-- EXTRACTED INFORMATION follows --

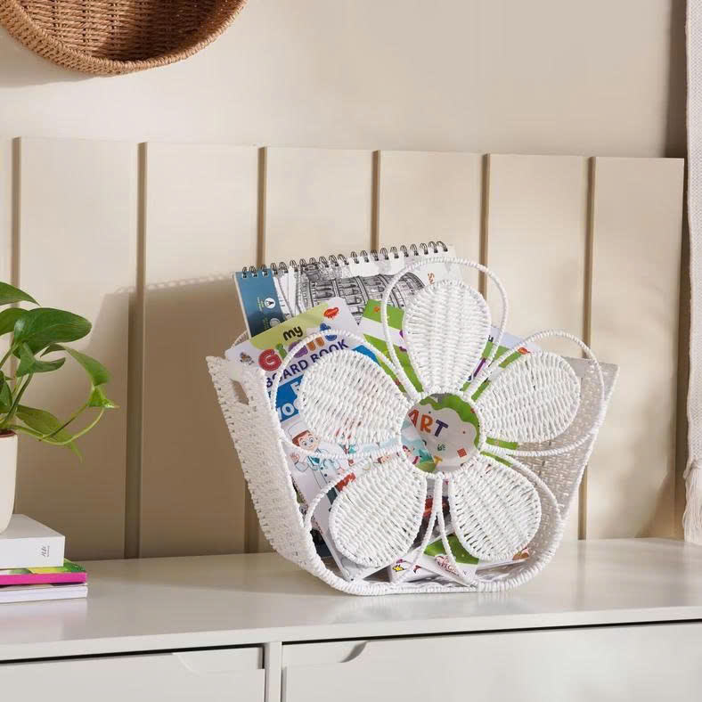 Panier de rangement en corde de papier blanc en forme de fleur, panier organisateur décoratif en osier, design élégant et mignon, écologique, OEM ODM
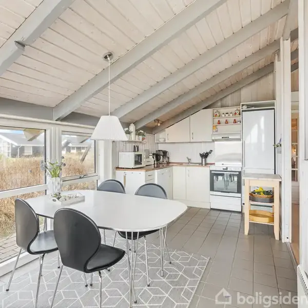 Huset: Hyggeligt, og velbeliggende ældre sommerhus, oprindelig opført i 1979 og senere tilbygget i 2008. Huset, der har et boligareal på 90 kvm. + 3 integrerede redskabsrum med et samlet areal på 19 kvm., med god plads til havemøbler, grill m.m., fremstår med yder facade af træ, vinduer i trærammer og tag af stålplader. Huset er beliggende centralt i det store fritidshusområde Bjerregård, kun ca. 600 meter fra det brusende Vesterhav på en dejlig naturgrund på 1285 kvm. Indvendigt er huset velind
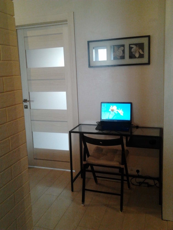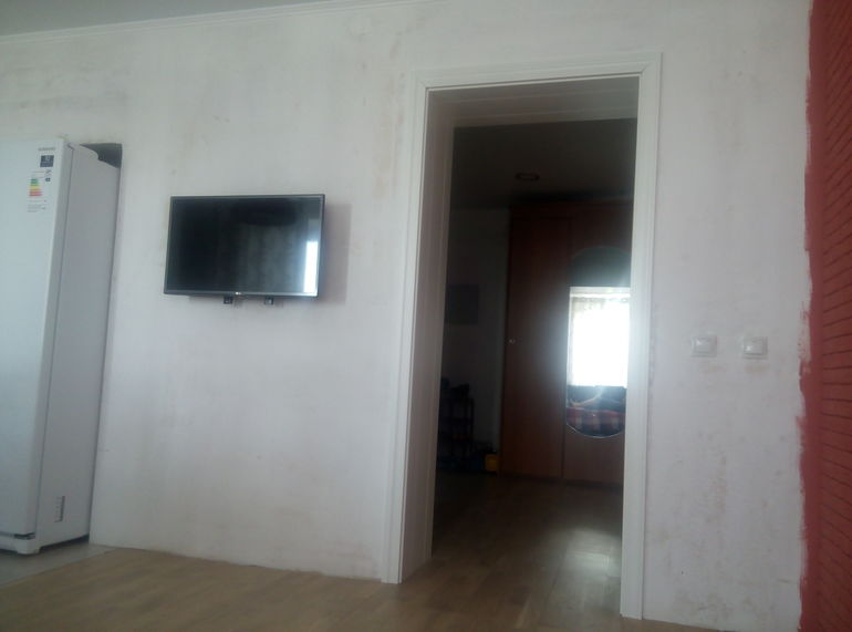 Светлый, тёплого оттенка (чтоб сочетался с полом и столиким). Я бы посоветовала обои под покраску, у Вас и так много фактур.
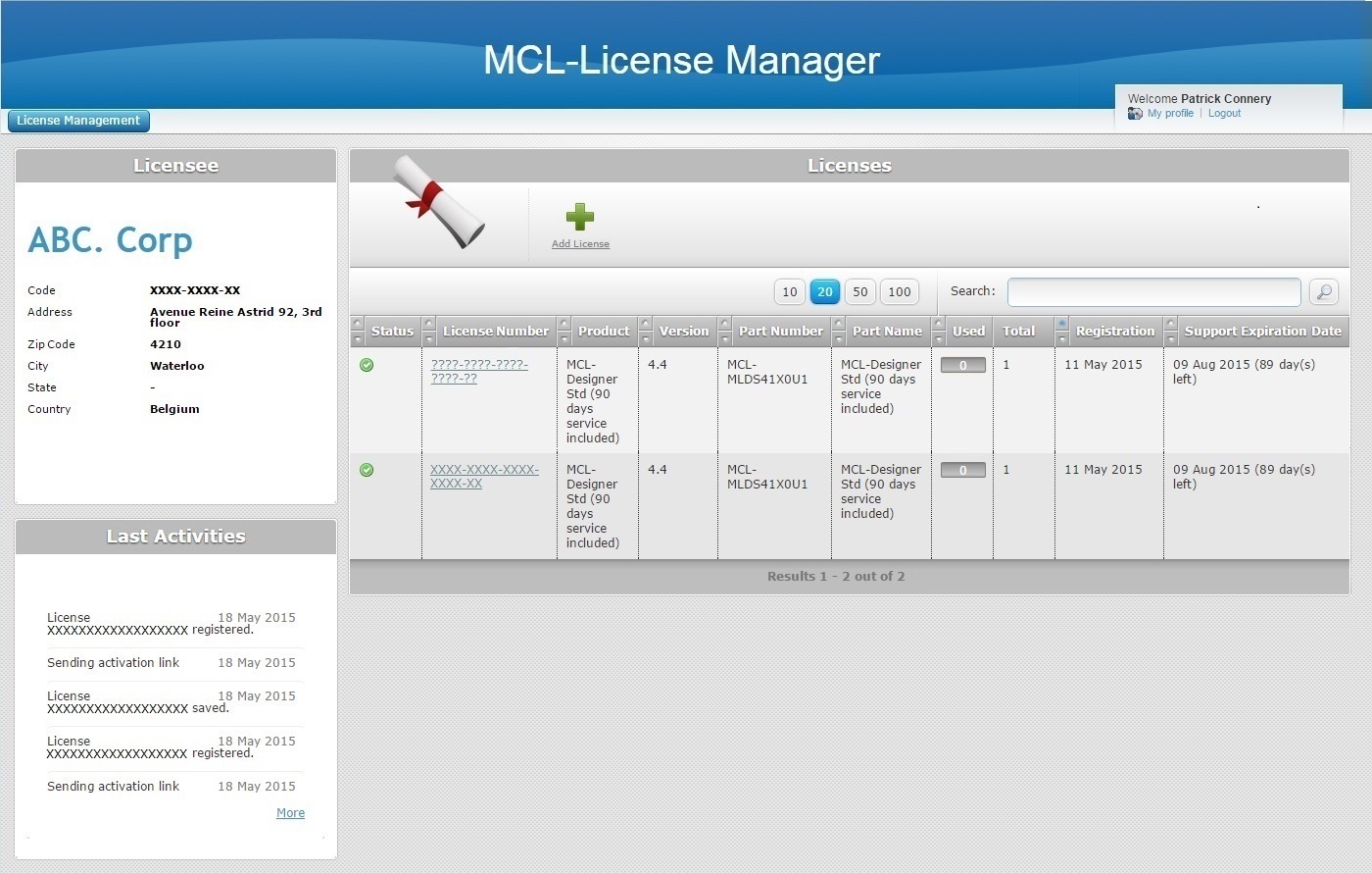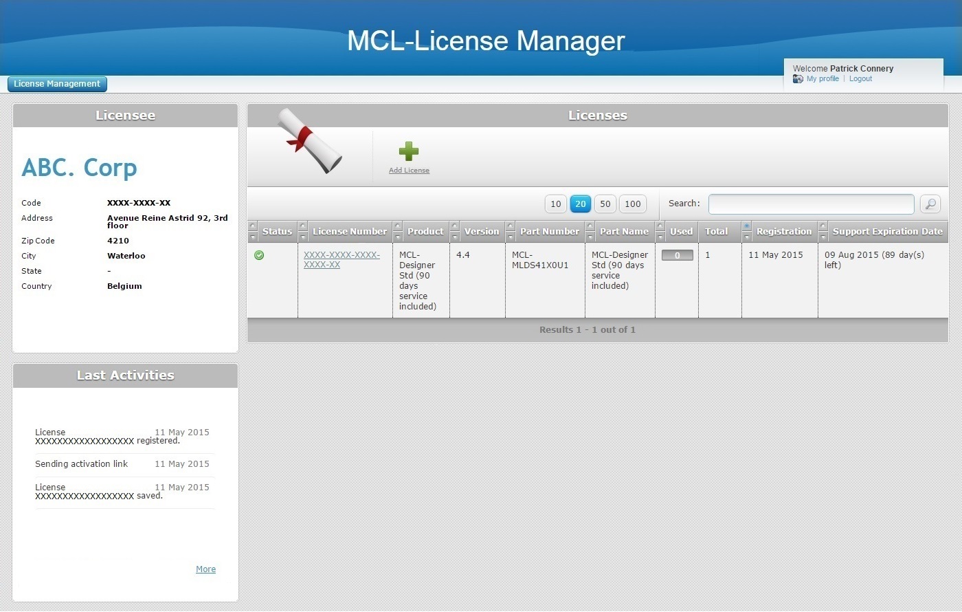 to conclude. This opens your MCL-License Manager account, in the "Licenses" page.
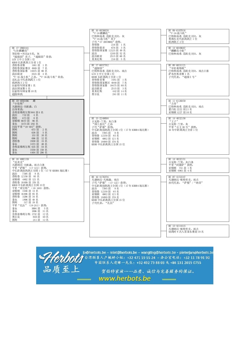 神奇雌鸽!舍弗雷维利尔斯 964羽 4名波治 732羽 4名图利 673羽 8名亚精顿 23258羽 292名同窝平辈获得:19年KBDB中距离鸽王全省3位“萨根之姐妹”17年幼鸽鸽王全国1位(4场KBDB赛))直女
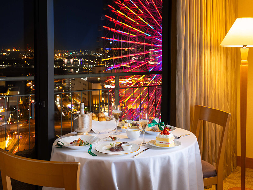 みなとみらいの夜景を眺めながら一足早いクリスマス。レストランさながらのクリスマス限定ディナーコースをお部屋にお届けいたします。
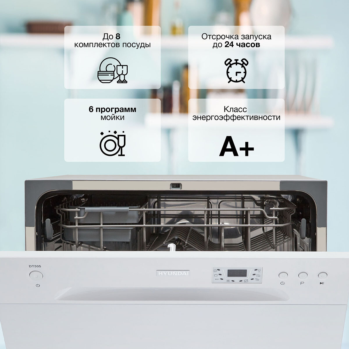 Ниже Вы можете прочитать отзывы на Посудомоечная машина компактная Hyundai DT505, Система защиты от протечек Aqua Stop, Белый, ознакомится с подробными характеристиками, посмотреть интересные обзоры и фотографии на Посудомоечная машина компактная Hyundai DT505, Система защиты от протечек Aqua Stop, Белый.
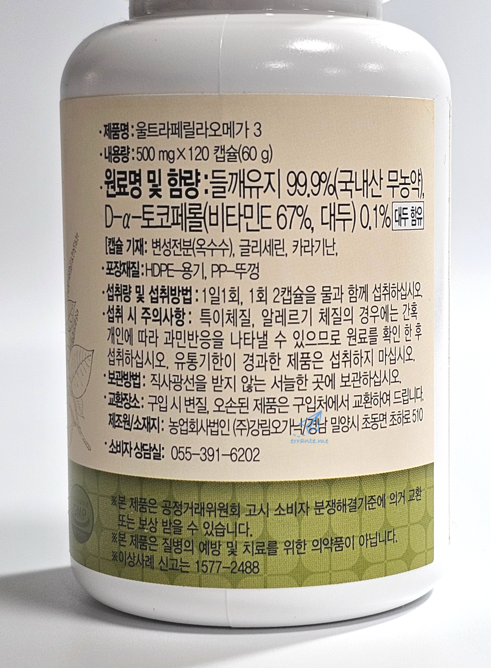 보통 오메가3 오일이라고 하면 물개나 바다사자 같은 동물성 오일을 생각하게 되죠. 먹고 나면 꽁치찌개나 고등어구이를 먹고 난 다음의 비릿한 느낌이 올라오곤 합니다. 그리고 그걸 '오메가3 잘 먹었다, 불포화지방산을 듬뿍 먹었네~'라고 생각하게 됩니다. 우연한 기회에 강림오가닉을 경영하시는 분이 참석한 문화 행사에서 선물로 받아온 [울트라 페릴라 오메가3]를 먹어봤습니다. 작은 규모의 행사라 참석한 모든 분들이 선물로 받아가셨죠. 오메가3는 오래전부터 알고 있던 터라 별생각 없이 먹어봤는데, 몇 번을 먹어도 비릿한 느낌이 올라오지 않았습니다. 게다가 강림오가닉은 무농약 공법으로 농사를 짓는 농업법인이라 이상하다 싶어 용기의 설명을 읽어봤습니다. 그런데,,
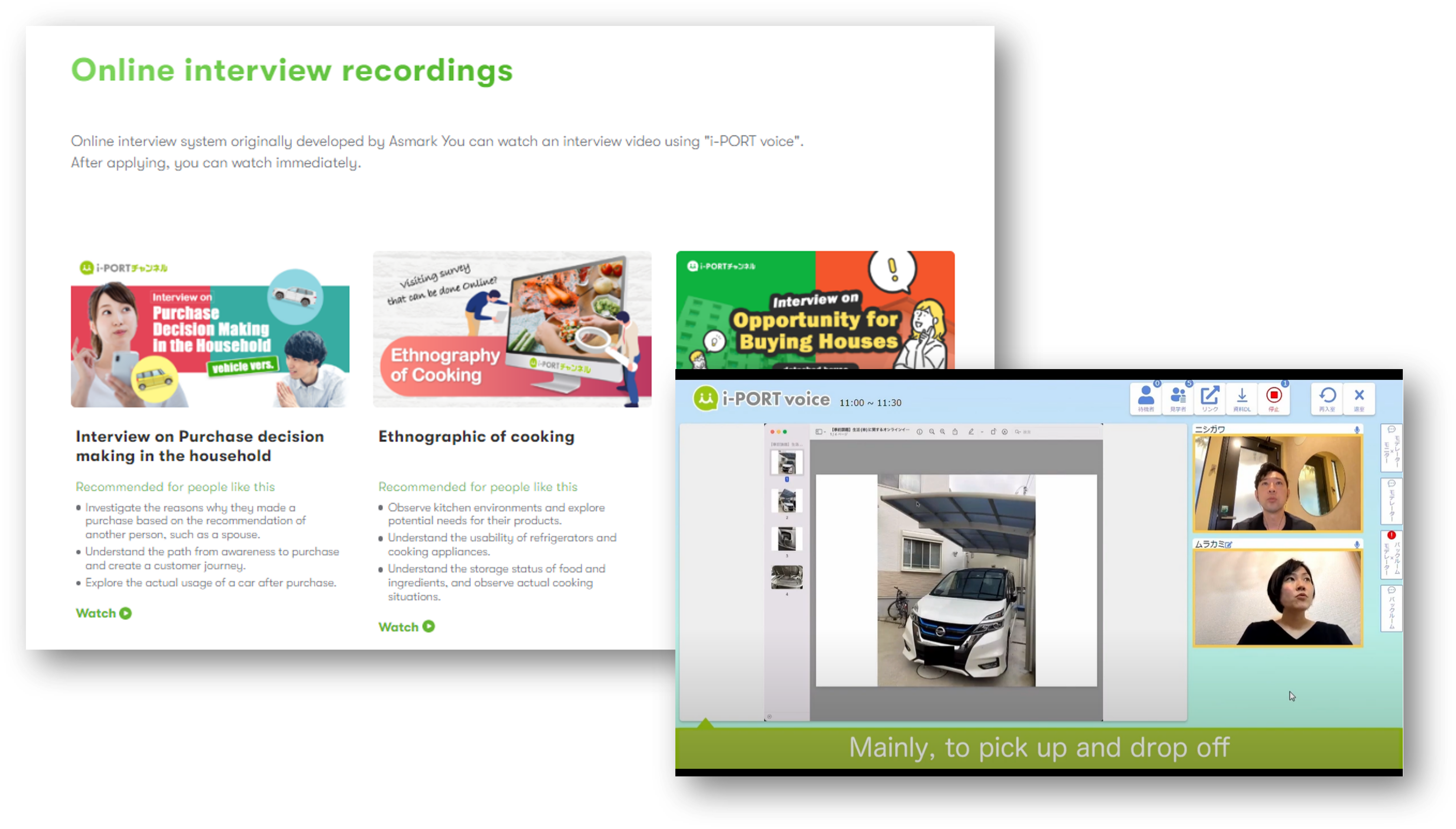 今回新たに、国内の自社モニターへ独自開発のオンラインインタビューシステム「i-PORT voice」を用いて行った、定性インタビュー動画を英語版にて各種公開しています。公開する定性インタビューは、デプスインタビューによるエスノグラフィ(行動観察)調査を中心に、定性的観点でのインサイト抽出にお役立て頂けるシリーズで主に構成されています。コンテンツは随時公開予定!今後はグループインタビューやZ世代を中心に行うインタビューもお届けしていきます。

-- EXTRACTED INFORMATION concluded --

Copy every entry word for word, but omit the pictures.

* [SOLUTION BELOW]:
 Panier de rangement en corde de papier blanc en forme de fleur, panier organisateur décoratif en osier, design élégant et mignon, écologique, OEM ODM
 Huset: Hyggeligt, og velbeliggende ældre sommerhus, oprindelig opført i 1979 og senere tilbygget i 2008. Huset, der har et boligareal på 90 kvm. + 3 integrerede redskabsrum med et samlet areal på 19 kvm., med god plads til havemøbler, grill m.m., fremstår med yder facade af træ, vinduer i trærammer og tag af stålplader. Huset er beliggende centralt i det store fritidshusområde Bjerregård, kun ca. 600 meter fra det brusende Vesterhav på en dejlig naturgrund på 1285 kvm. Indvendigt er huset velind
 Светлый, тёплого оттенка (чтоб сочетался с полом и столиким). Я бы посоветовала обои под покраску, у Вас и так много фактур.
 to conclude. This opens your MCL-License Manager account, in the "Licenses" page.
 神奇雌鸽!舍弗雷维利尔斯 964羽 4名波治 732羽 4名图利 673羽 8名亚精顿 23258羽 292名同窝平辈获得:19年KBDB中距离鸽王全省3位“萨根之姐妹”17年幼鸽鸽王全国1位(4场KBDB赛))直女
 みなとみらいの夜景を眺めながら一足早いクリスマス。レストランさながらのクリスマス限定ディナーコースをお部屋にお届けいたします。
 Ниже Вы можете прочитать отзывы на Посудомоечная машина компактная Hyundai DT505, Система защиты от протечек Aqua Stop, Белый, ознакомится с подробными характеристиками, посмотреть интересные обзоры и фотографии на Посудомоечная машина компактная Hyundai DT505, Система защиты от протечек Aqua Stop, Белый.
 보통 오메가3 오일이라고 하면 물개나 바다사자 같은 동물성 오일을 생각하게 되죠. 먹고 나면 꽁치찌개나 고등어구이를 먹고 난 다음의 비릿한 느낌이 올라오곤 합니다. 그리고 그걸 '오메가3 잘 먹었다, 불포화지방산을 듬뿍 먹었네~'라고 생각하게 됩니다. 우연한 기회에 강림오가닉을 경영하시는 분이 참석한 문화 행사에서 선물로 받아온 [울트라 페릴라 오메가3]를 먹어봤습니다. 작은 규모의 행사라 참석한 모든 분들이 선물로 받아가셨죠. 오메가3는 오래전부터 알고 있던 터라 별생각 없이 먹어봤는데, 몇 번을 먹어도 비릿한 느낌이 올라오지 않았습니다. 게다가 강림오가닉은 무농약 공법으로 농사를 짓는 농업법인이라 이상하다 싶어 용기의 설명을 읽어봤습니다. 그런데,,
 今回新たに、国内の自社モニターへ独自開発のオンラインインタビューシステム「i-PORT voice」を用いて行った、定性インタビュー動画を英語版にて各種公開しています。公開する定性インタビューは、デプスインタビューによるエスノグラフィ(行動観察)調査を中心に、定性的観点でのインサイト抽出にお役立て頂けるシリーズで主に構成されています。コンテンツは随時公開予定!今後はグループインタビューやZ世代を中心に行うインタビューもお届けしていきます。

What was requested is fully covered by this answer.